Cheech & Chong return to the stage
TORONTO – For a couple of laidback stoners, they sure know how to hold a grudge.
It has taken more than 25 years for Cheech & Chong to put aside their longstanding differences, with the comic pair apparently at loggerheads until just a few months ago.
But that’s all behind them now, insist reunited comedians Cheech Marin and Tommy Chong, who say they’re excited to be resuming their beloved pot-loving alter-egos for a North American tour that kicks off Sept. 5 in Ottawa.
“There was always a great love there, as well as a bit of annoyance,” Marin says by phone from Los Angeles of the duo’s rocky relationship and how they managed to get beyond the bickering.
“It’s like being married, you know, for that long, you just kind of get sick of the other person.”
Edmonton-born Chong says the squabbling started back in the mid-1980s, when Marin decided to do the comedy film, “Born In East L.A.,” without his longtime cohort.
“That was kind of tough,” Chong says in a separate phone interview from Sydney, N.S., where he had a comedy show last week. “It’s kind of tough being a partner when your partner does a movie without you.”
“After that, he sort of went his way and I went my way.”
Marin, who was born in Los Angeles, went on to a mainstream acting career, scoring recurring roles in TV shows including “Nash Bridges,” “Judging Amy,” and more recently, “Lost,” as well as appearing in various films. He also became one of the foremost collectors of Mexican-American art, and says he made a point of distancing himself from his juvenile, pothead persona.
“It was very conscious,” the 62-year-old says of forging a new identity.
“It’s like turning an oil tanker around, you know. You don’t stop on a dime and speed up 180 degrees in the other direction, you kind of start doing it one gig at a time.”

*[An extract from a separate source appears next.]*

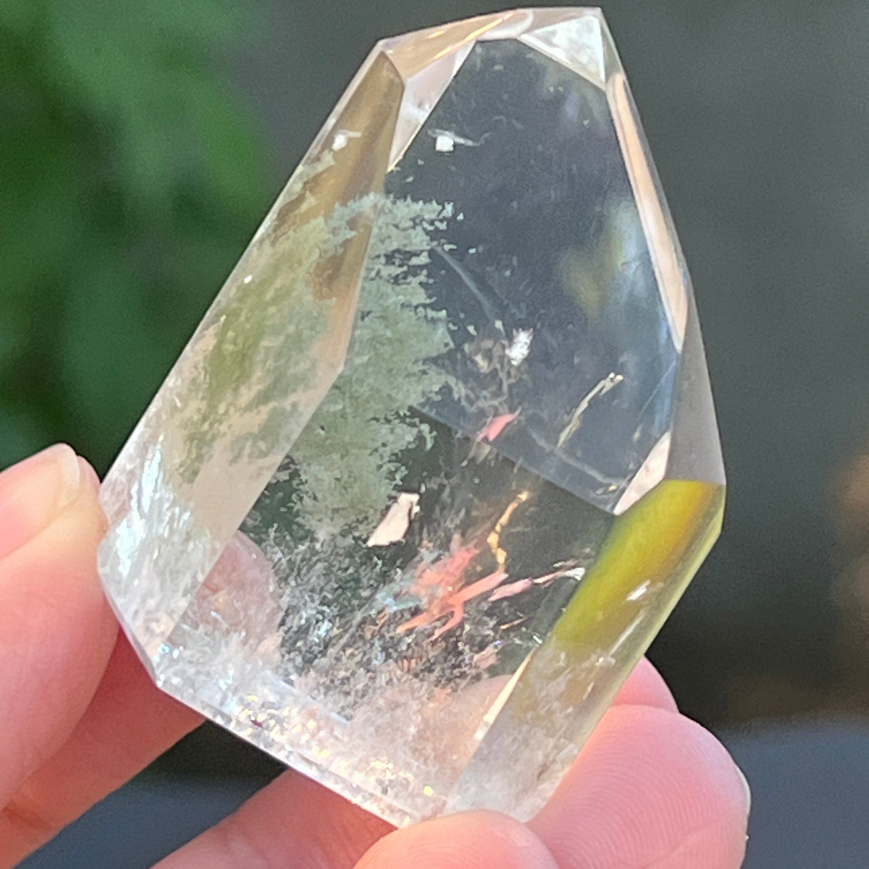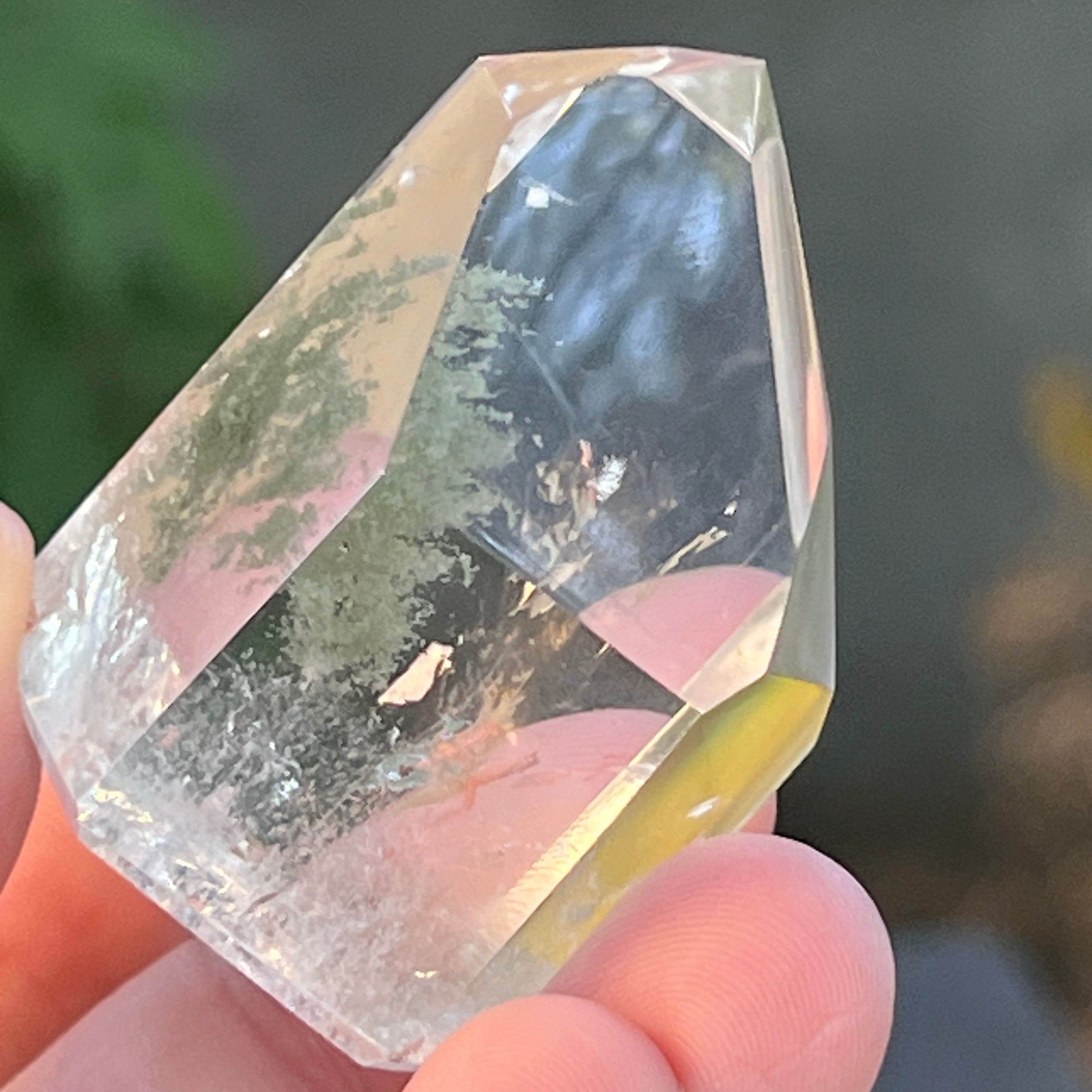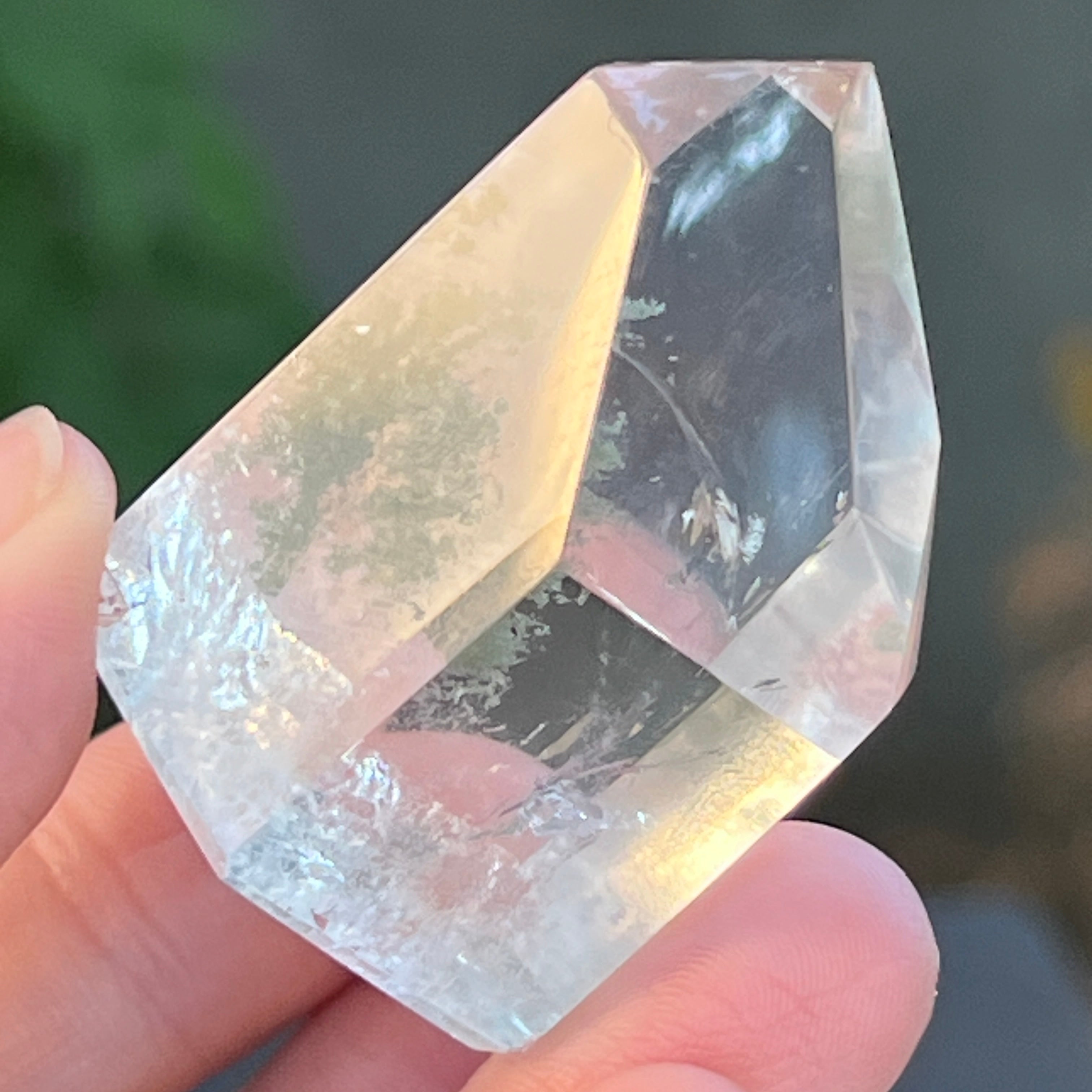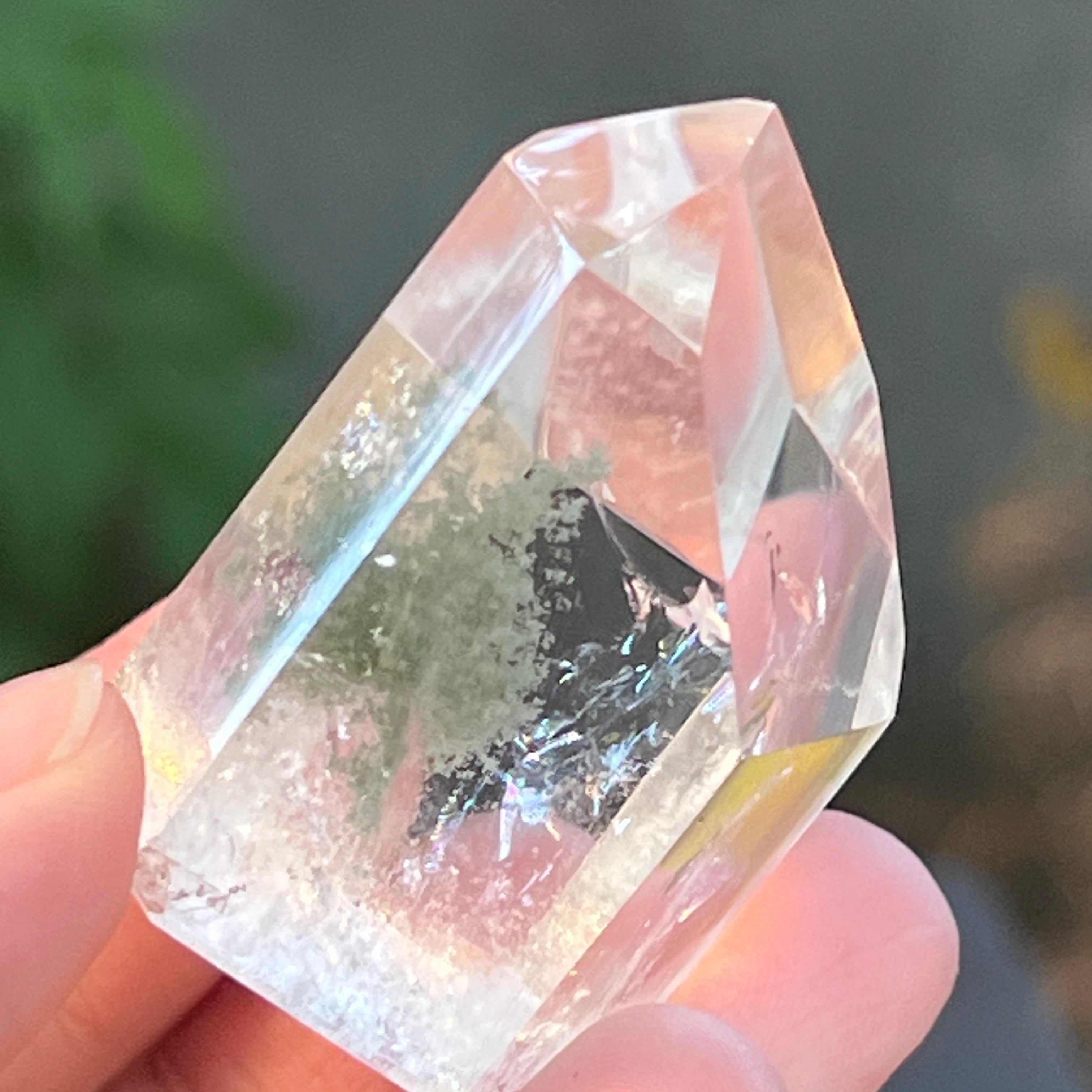 Kwarc chlorytowy to fascynująca odmiana bezbarwnego kwarcu, która wykazuje zielone inkluzje ze względu na mineralny chloryn. Inkluzje te wahają się od delikatnych, cienkich, przypominających włókna kształtów do gęstszych i bardziej rozproszonych kształtów, w zależności od tego, w jaki sposób chloryn został wychwycony w masie kwarcowej podczas jej formowania.

Chong, meanwhile, appeared regularly on the TV sitcom “That ’70s Show” and says they were in the midst of negotiating a new Cheech & Chong movie when he was jailed in 2003 for selling bongs over the Internet.
He chronicles the experience in the documentary “a/k/a Tommy Chong,” recently released on DVD, and the book, “The I Chong: Meditations from the Joint,” published in 2006.
“I’m actually just starting to get back into making money,” Chong says of the ordeal, claiming it came with massive legal fees and cost him “a couple million” in income and revenue.
Today he can joke about nine months he spent in prison, where he says he was taken in by aboriginal inmates and invited into the “sweat lodge society.”
But while his beloved stage character probably helped ingratiate him with other prisoners, he says it also made him a target for federal drug officers hoping to make an example of him.
“I would be offered (marijuana) by snitches and then I would be drug-tested an hour or two later,” says Chong, 70. “It was that obvious. It happened more than once.”
“When they arrested me, they thought for sure that I had a lot of prior arrests and they thought I was this pothead idiot, you know. They thought I was my character, basically.”
These days, he’s promoting another book, “Cheech & Chong: The Unauthorized Biography.” Marin had no part in the project and Chong doubts he’s even read it.
“It’s a taboo subject with us,” Chong says.
Up until a few months ago, tensions were still high, he says, noting one meeting that devolved into a massive argument.
Marin says their troubles have always revolved around who would be in charge, but the time had come to let those grudges go.
“We’re at the age that we just don’t want to argue anymore,” he says, noting recent warm-up shows for the upcoming tour were “amazing.”
“So we decided not to have a personality conflict anymore.”
Chong and Marin say their new concert will feature the “greatest hits” of their career – spanning seven albums and about 10 films – with standup from Chong.
Chong’s wife, Shelby, will open the 90-minute show with her own comedy routine.
There are no plans to make another album, but Marin says there’s talk of filming the concerts for a possible DVD release.
The “Cheech and Chong Light Up America and Canada” tour kicks off in Ottawa on Sept. 5, heads to Toronto on Sept. 6, and Vancouver on Dec. 5.